Autosomal dominant polycystic kidney disease (ADPKD) is a common human genetic disease characterized by cyst formation in kidney tubules and other ductular epithelia. Cells lining the cysts have abnormalities in cell proliferation and cell polarity. The majority of ADPKD cases are caused by mutations in the PKD1 gene, which codes for polycystin-1, a large integral membrane protein of unknown function that is expressed on the plasma membrane of renal tubular epithelial cells in fetal kidneys. Because signaling from cell-cell and cell-matrix adhesion complexes regulates cell proliferation and polarity, we speculated that polycystin-1 might interact with these complexes. We show here that polycystin-1 colocalized with the cell adhesion molecules E-cadherin and alpha-, beta-, and gamma-catenin.
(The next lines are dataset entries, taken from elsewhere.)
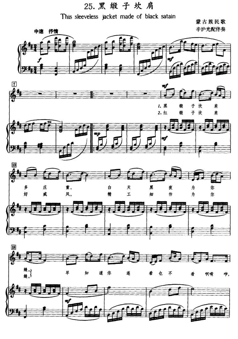 《黑缎子坎肩 (正谱)》简谱 蒙古族民歌 辛沪光配伴奏
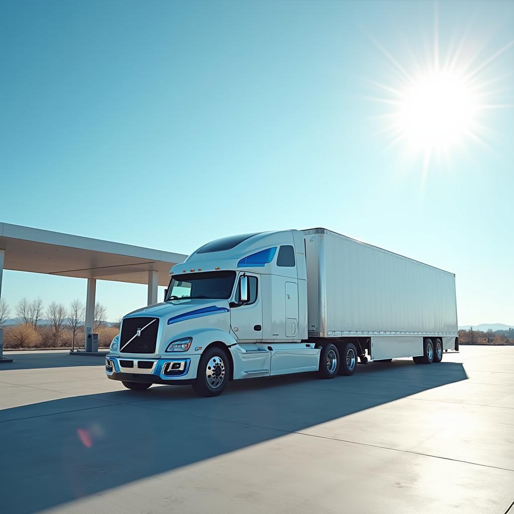 Wasserstoffmobilität 2025 – Zukunft des Schwerlastverkehrs. Wasserstoff-Lkw an moderner H2-Tankstelle als Symbol für nachhaltigen Schwerlastverkehr 2025. Ein moderner Brennstoffzellen-Lkw tankt Wasserstoff an einer futuristisch gestalteten H2-Station. Das Bild steht für die wachsende Bedeutung von Wasserstoff im Verkehrssektor.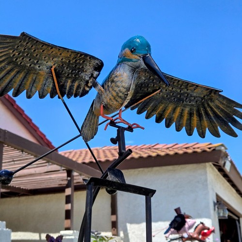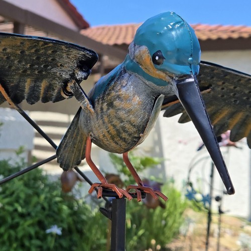 Size: 21X13.25X52.25"H blue hummingbird Made from Lightweight Steel Beautifully detailed Wings move up and down to give the flying effect Ground Spike and Cradle included Easy to assemble Counterweight makes the pig swing back and forth in the breeze

Polycystin-1 coprecipitated with these proteins and comigrated with them on sucrose density gradients, but it did not colocalize, coprecipitate, or comigrate with focal adhesion kinase, a component of the focal adhesion. We conclude that polycystin-1 is in a complex containing E-cadherin and alpha-, beta-, and gamma-catenin. These observations raise the question of whether the defects in cell proliferation and cell polarity observed in ADPKD are mediated by E-cadherin or the catenins.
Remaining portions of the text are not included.